The illustration, like all illustrations, it isn’t quite true.  It doesn’t quite fit, but the sentiment is true.  We were enemies to God [Romans 5:8] the Book says.  We were wayward and prodigal the Book says [1 Corinthians 6:9-11; Ephesians 2:1-3].  And God’s face was turned away from us [Isaiah 59:2] the Book says, and we were in the way of the wrath and the judgment of a righteous and holy and indignant God [Ephesians 2:3; Colossians 3:5-7].  And the Lord Jesus Christ in His death dragged the winepress of the fierceness of Almighty God [Isaiah 53:10; Galatians 3:13; 1 Thessalonians 1:10].  And as the Revelation says: "Which red blood flowed out" [Revelation 14:10].  In the death of His Son, in the death of the cross, we have our reconciliation with God [2 Corinthians 5:18-19; Hebrews 2:17].  Sins paid for, atonements made, you’re welcome back [Romans 5:1-2].  Whoever you are – vile sinner that all of us are [Romans 3:23] – we’re welcome back, welcome back, arms outstretched like the father in the parable looking down the road waiting for the prodigal son [Luke 15:20].

And as Paul says in the fifth of Second Corinthians: "As ambassadors for God, God was in Christ, reconciling the world unto Himself.  We plead with you in Christ’s stead, be ye reconciled to God" [From 2 Corinthians 5:19-20].  Come back home.  Come back to God.  Come back to the Lord.  The good news is the door’s open and welcome.  That’s the gospel.  That’s the glad tidings.  It’s heaven now.  It’s forgiveness now.  It’s glory yet to come.  "I declare unto you the gospel: He died for our sins; raised for our justification; someday coming again for us in glory" [1 Corinthians 15:1-4; 1 Thessalonians 4:16-17].  That’s what it is to be a Christian: to accept the marvelous overtures of grace and love and mercy from Christ Jesus our Lord.  That’s it.  That’s it.

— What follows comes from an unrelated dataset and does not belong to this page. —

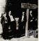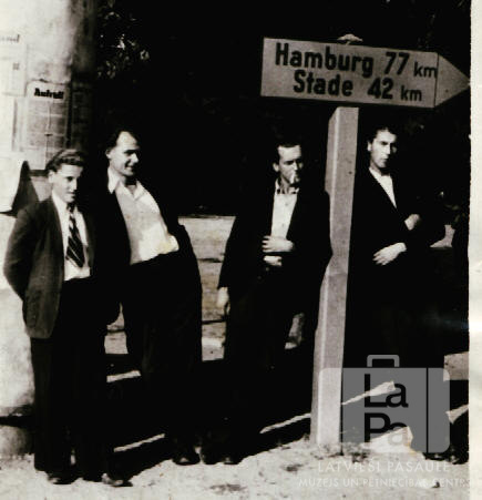 Četri jauni vīrieši uzvalkos stāv pie koka ceļa zīmes Zēdorfā (angļu zonā). Uz zīmes ir rakstīts "Hamburg 77km/ Stade 42 km". No kreisās: Jānis Kalniņš, Alfreds Filks, Bernards Jēkabsons, Roberts Linejs.

While we sing our song tonight, somebody you, somebody you, accept Jesus.  Accept the goodness and the grace and the mercies of God.  Take Him as your Savior; trust Him.  Would you come and stand by me?  "Whosoever shall confess Me before men, him will I confess before My Father which is in heaven" [Matthew 10:32].  We’re to do it openly and publicly.  "I accept the free pardon of God for my sins.  I’ll take Him as my Savior: the atonement mine.  I’ll believe.  I’ll trust.  I’ll pray for my unbelief and my distrust that God will give me greater faith."  Some of you to come into the church, "Put my life here in the church."   While we sing, while we make appeal, somebody you, would you come?  Would you come while we stand and while we sing?